* _Entries shown_

________________________

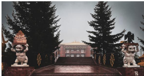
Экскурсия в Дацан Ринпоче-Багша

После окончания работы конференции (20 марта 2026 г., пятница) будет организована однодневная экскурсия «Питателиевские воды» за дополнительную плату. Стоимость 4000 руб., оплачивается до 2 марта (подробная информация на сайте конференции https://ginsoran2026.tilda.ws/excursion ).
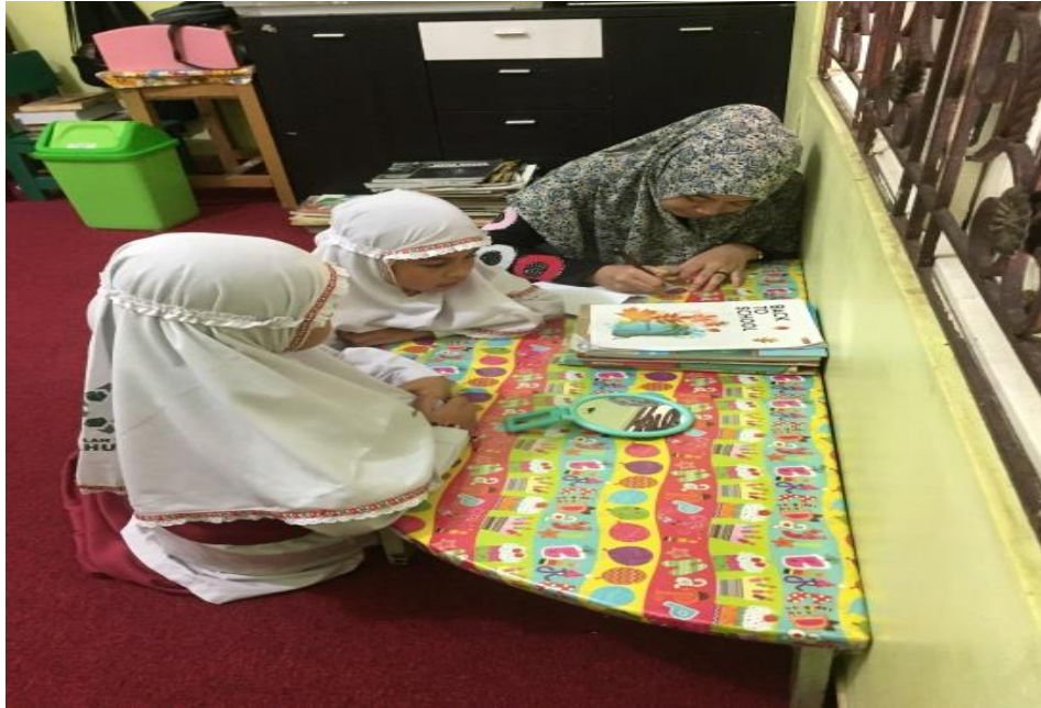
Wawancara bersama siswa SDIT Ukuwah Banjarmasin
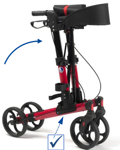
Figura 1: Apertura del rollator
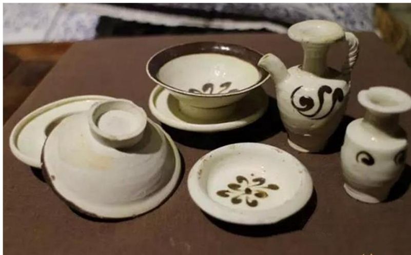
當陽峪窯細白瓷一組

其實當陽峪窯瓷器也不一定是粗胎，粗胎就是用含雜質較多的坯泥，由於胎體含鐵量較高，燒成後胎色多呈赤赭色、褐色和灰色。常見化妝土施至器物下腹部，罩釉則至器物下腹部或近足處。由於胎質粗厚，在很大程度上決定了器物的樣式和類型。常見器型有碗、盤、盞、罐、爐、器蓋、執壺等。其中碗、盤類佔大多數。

________________________

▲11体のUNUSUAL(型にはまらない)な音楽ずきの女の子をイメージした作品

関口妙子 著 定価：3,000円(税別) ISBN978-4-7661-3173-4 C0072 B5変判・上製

________________________

* _About this exercise_
When you reach the line with "Figura 1: Apertura del rollator" in the records above, begin repeating the lines exactly, and stop after the line with "其實當陽峪窯瓷器也不一定是粗". Skip all pictures.

* _Output for this exercise_
Figura 1: Apertura del rollator
當陽峪窯細白瓷一組

其實當陽峪窯瓷器也不一定是粗胎，粗胎就是用含雜質較多的坯泥，由於胎體含鐵量較高，燒成後胎色多呈赤赭色、褐色和灰色。常見化妝土施至器物下腹部，罩釉則至器物下腹部或近足處。由於胎質粗厚，在很大程度上決定了器物的樣式和類型。常見器型有碗、盤、盞、罐、爐、器蓋、執壺等。其中碗、盤類佔大多數。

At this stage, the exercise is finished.